Enfin, dans les éloges que j’ai donnés aux œuvres purement littéraires, en ai-je dit assez, non pour les auteurs, dont les plus modestes souffrent volontiers qu’on le soit moins qu’eux en parlant de leurs livres, mais pour la vérité ? N’ai-je pas résisté à mon admiration pour le présent, de peur des démentis de l’avenir ? Il faut bien que j’encoure le risque. Si j’ai pu croire, pour les œuvres antérieures au dix-neuvième siècle, que je parlais au nom de beaucoup de gens, pour toutes les œuvres contemporaines je n’ai parlé qu’en mon nom.
On ne m’accusera pas du moins d’avoir estimé médiocrement mon temps.
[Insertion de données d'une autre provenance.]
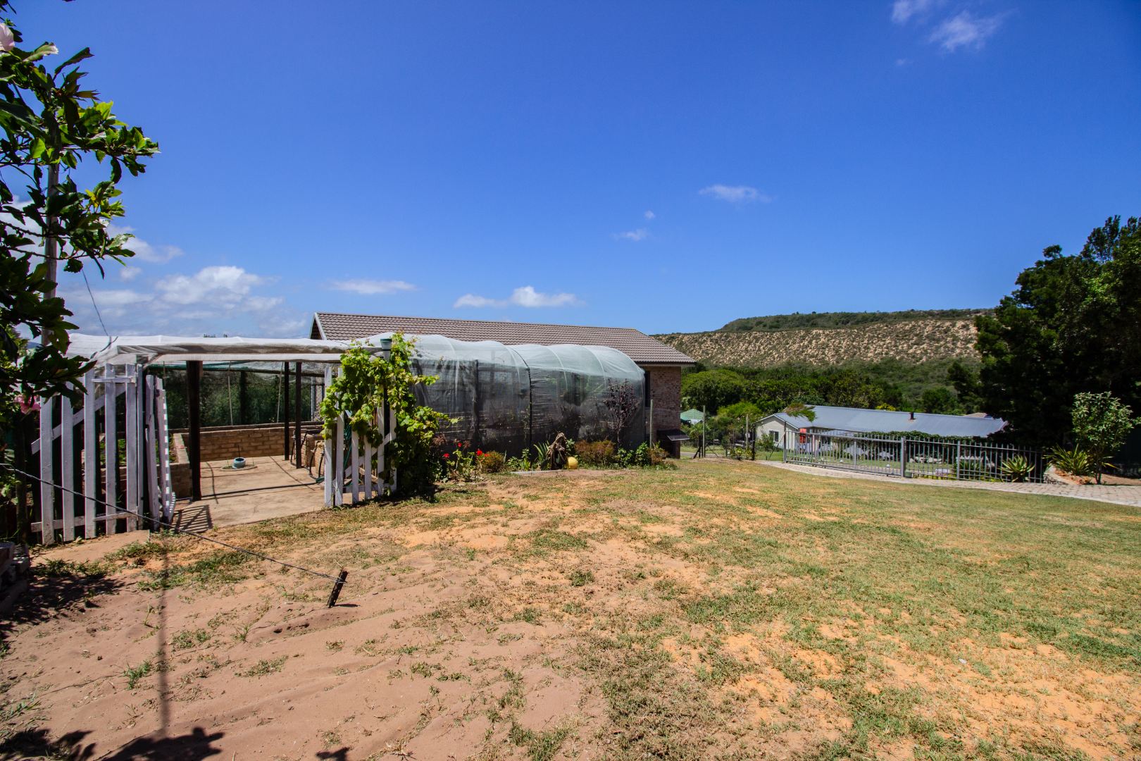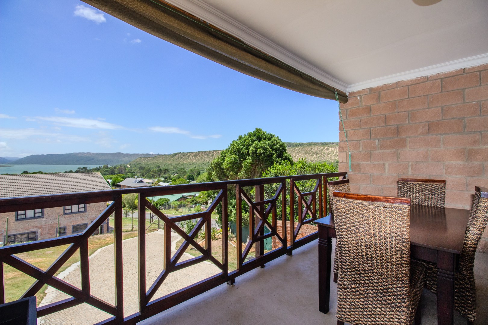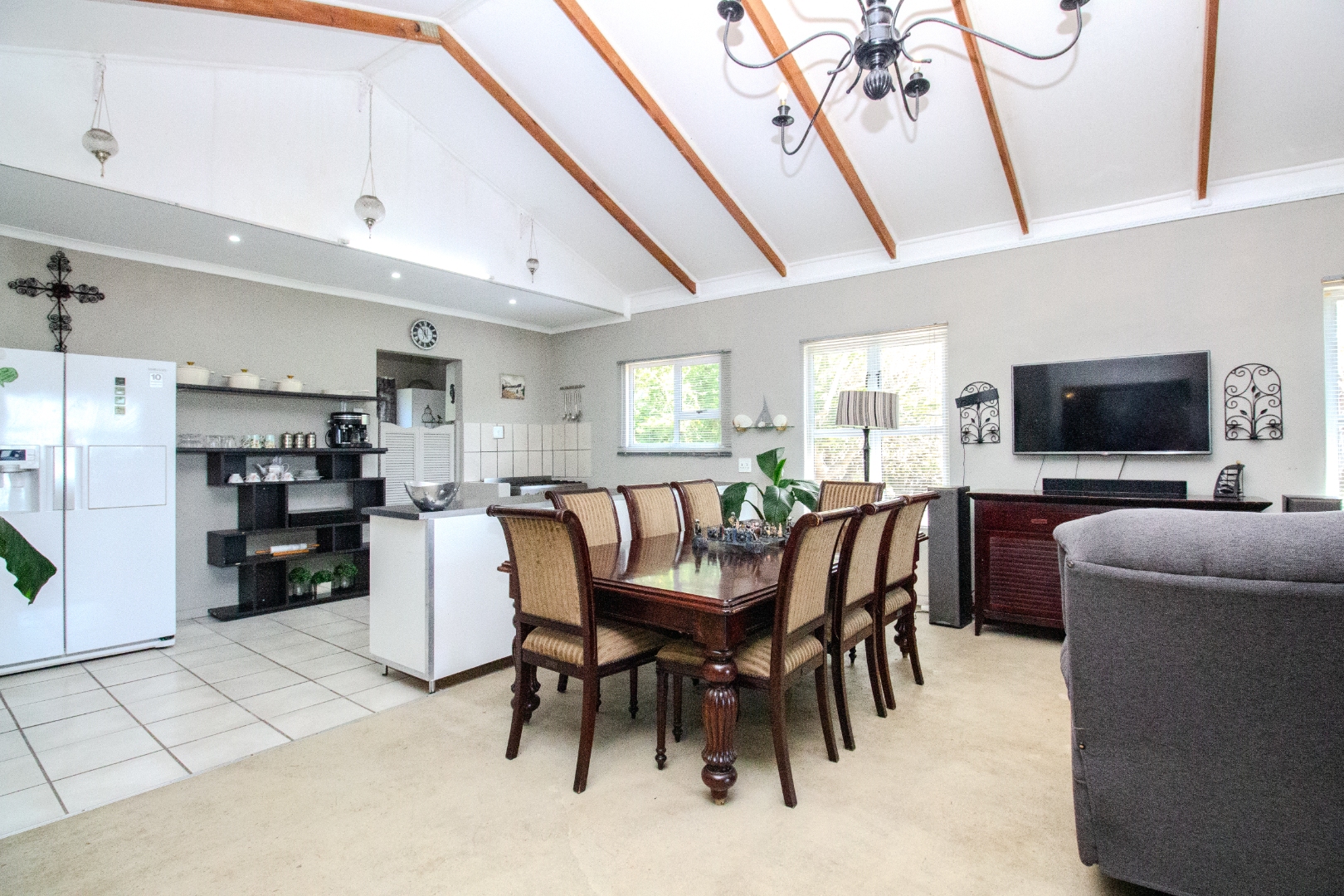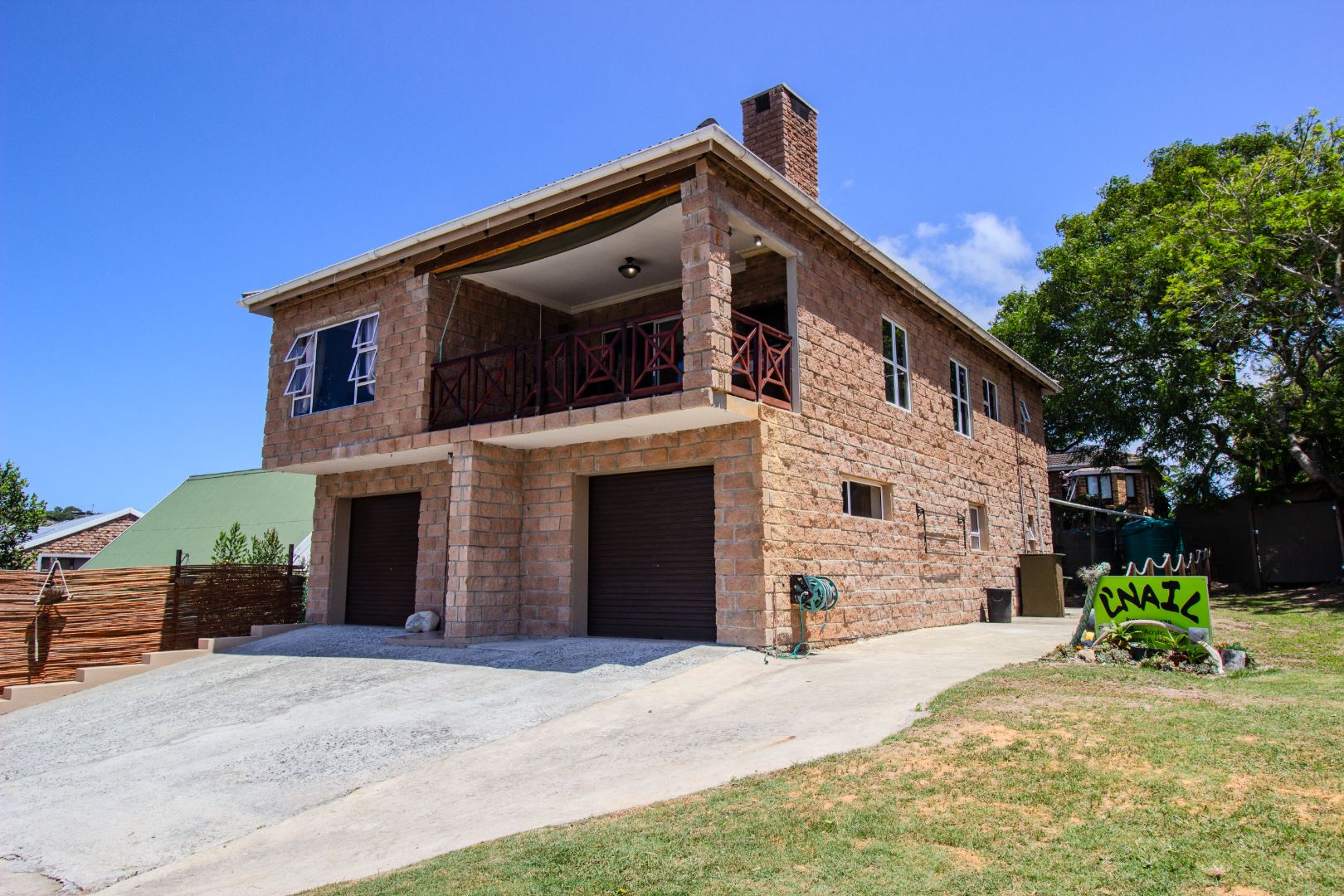 This inviting 4-bedroom, 3-bathroom residence in Groenvallei, Sedgefield, offers a spacious and comfortable living experience. The property presents a durable stone and brick exterior, complemented by a concrete driveway and a mature tree enhancing its curb appeal. A private balcony adds an appealing architectural detail to the facade. Step inside to discover an expansive open-plan living, dining, and kitchen area, characterized by striking vaulted ceilings with exposed wooden beams that create an airy and bright atmosphere. Large windows and sliding glass doors ensure ample natural light throughout the main living spaces, which also feature a cozy fireplace. The functional kitchen seamlessly integrates with the dining area, perfect for entertaining. Additionally, the home includes a dedicated family TV room and a study, providing versatile spaces for relaxation and work. The four well-proportioned bedrooms and three bathrooms, including one ensuite, offer comfortable accommodation for families. Outdoor living is a highlight, with a covered patio featuring a built-in braai, ideal for enjoying the scenic views. The property boasts a well-maintained garden with an irrigation system and water tanks, ensuring lush surroundings. Practical amenities include a double garage, a laundry room, and ample storage. Security is enhanced by a fully fenced and totally walled perimeter with an access gate. The home also benefits from a battery inverter, providing essential backup power. Groenvallei is a desirable suburban area in Sedgefield, known for its coastal beach proximity and tranquil environment. This location offers a blend of natural beauty and convenient living. Key Features: * 4 Bedrooms, 3 Bathrooms (1 En-suite) * Open-Plan Living, Dining & Kitchen * Vaulted Ceilings with Exposed Beams * Built-in Braai & Covered Patio * Double Garage * Study & Family TV Room * Scenic Views * Battery Inverter * Garden with Irrigation & Water Tanks

Si l’on inventait pour le dix-septième siècle un titre supérieur à celui de grand, je dirais volontiers que les soixante premières années du dix-neuvième siècle sont plus de la moitié d’un grand siècle. Je pourrais même affirmer que le nom lui en restera, si l’esprit français resserre son union, un moment relâchée, avec les deux antiquités, ses deux immortelles nourrices. C’est la meilleure éducation, même pour l’originalité qui veut s’ouvrir d’autres voies. Là est la force du génie français, et la valeur de chaque esprit sera toujours proportionnée à la part qu’il aura reçue de la nourriture commune147.